● Information:
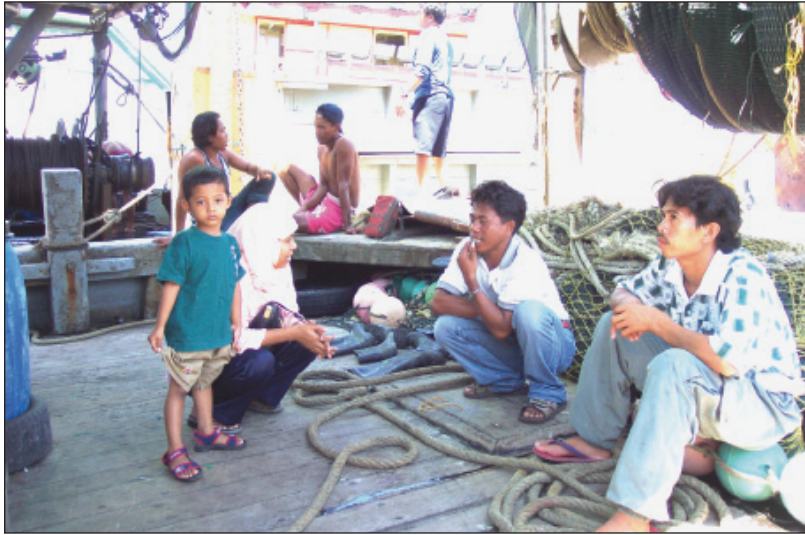
Gambar 4. Buruh Perikanan Asing Pukat Tunda, Bugis (Indonesia) di Daerah Perikanan Kota Kinabalu sedang bersembang sambil berehat selepas mendaratkan ikan (Gambar oleh diambil Mohammad 'Azzam Manan pada 8hb. Ogos 2002).

majikan dan pemborong mengikut jenisnya. Harga ikan gred satu yang terdiri daripada ikan-ikan yang bersaiz besar ditetapkan berdasarkan berat sekilogram, sementara harga ikan-ikan bersaiz kecil termasuk ikan baja dikira dengan bakul.
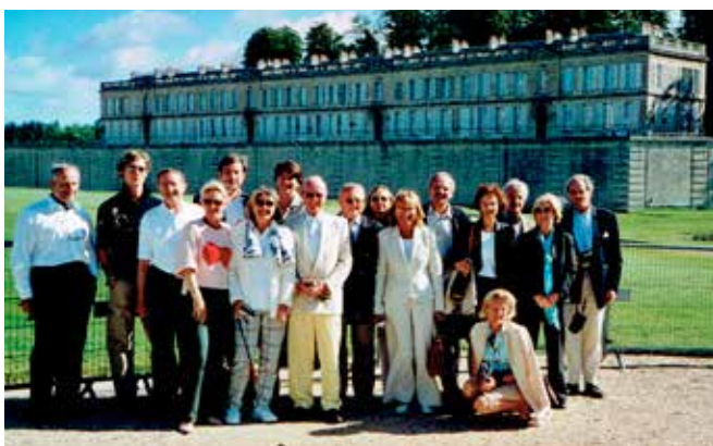
Les membres de la première heure dans les jardins du château de Chantilly
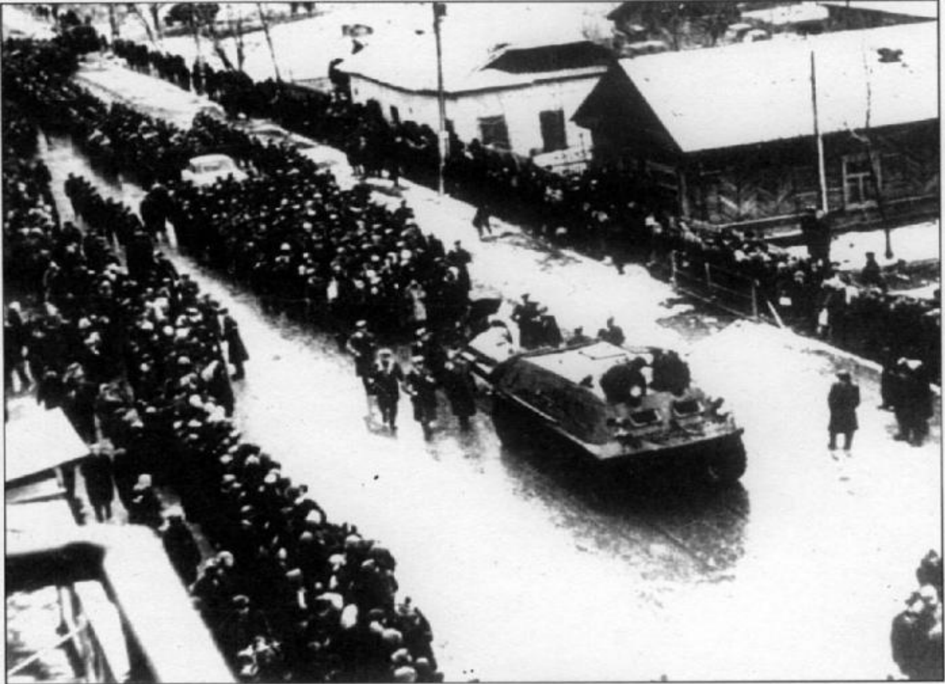
Похороны пограничников, погибших в бою на острове Даманский. Март 1969 г.
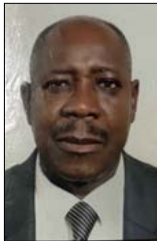
Par Guy-Roger Mankedi.

La responsabilité des autorités municipales est pleine et entière. L'histoire doit être écrite de manière collective, sous la conduite de ceux qui sont chargés de la bonne marche de la cité. Il faut former et informer les citoyens à travers des rencontres dé-
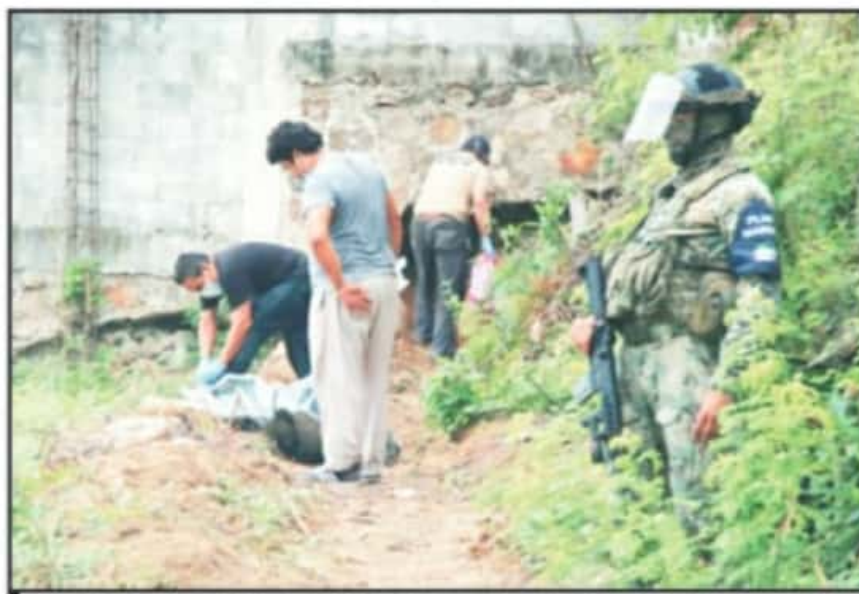
SE ESTIMA QUE LOS "AJUSTES DE CUENTAS" ESTARIAN RELACIONADOS AL CONSUMO O TRASIEGO DE SUSTANCIAS ILEGALES.

La incidencia de violencia extrema va al alza. Solo en el mes que recién concluyó, se registraron un total de 428 carpetas de investigación con esta especificación en donde la tortura fue el fenómeno más recurrente de esta situación,
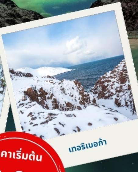
เทอริเบอก้า
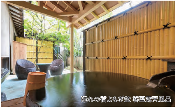
離れの宿よもぎ埜 客室露天風呂
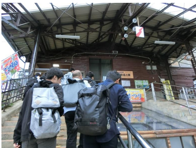
御岳山駅は標高831mです。
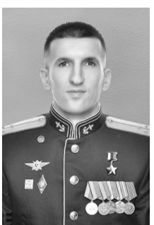
Герой Российской Федерации Курбанов Руслан Маркизович, 10 декабря 1996 г., с. Татиль, Табасаранский район

За мужество, проявленное при исполнении воинского долга, Ш. Магомедов Указом В. Путина от 14 апреля 2023 года удостоен посмертно звания Героя РФ.
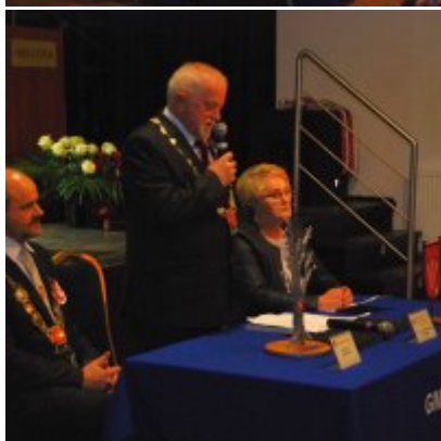
Uroczyste obchody Święta Niepodległości
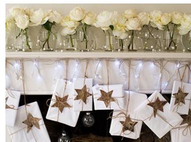
季節のデコレーションに
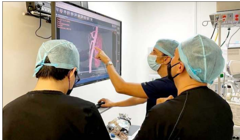
▲ De acuerdo con el jefe de Departamento Clínico de la Unidad de Trasplantes de la UMAE en Mérida, los procedimientos se realizan bajo los protocolos institucionales de traslado.

Además de los dos riñones, personal multidisciplinario del Instituto en Campeche obtuvo dos córneas que fueron enviadas a la UMAE Hospital de Especialidades Dr. Bernardo Sepúlveda Gu-
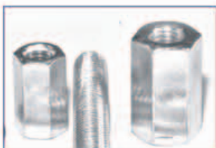
Menetes szár toldó M8-M10 Ez egyszerűbb és olcsóbb is de nem olyan jó minőségű horganyzott, Cr6 mentes!
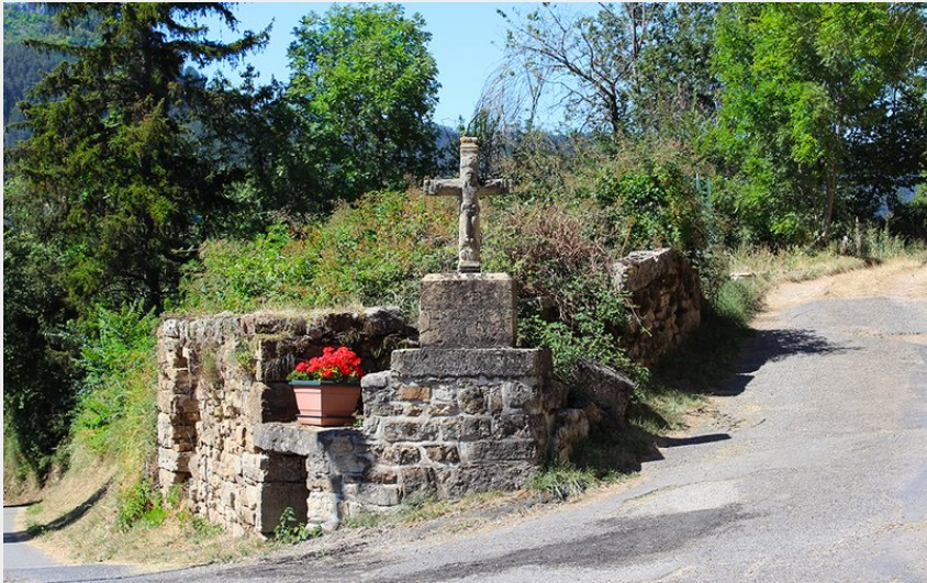
Croisement de chemins à Pelgeires
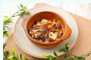
6種きのこのアヒージョ

● Requirement: Could you copy out every line in the material above that contains the string "ikan"?

● Your response:
Gambar 4. Buruh Perikanan Asing Pukat Tunda, Bugis (Indonesia) di Daerah Perikanan Kota Kinabalu sedang bersembang sambil berehat selepas mendaratkan ikan (Gambar oleh diambil Mohammad 'Azzam Manan pada 8hb. Ogos 2002).
majikan dan pemborong mengikut jenisnya. Harga ikan gred satu yang terdiri daripada ikan-ikan yang bersaiz besar ditetapkan berdasarkan berat sekilogram, sementara harga ikan-ikan bersaiz kecil termasuk ikan baja dikira dengan bakul.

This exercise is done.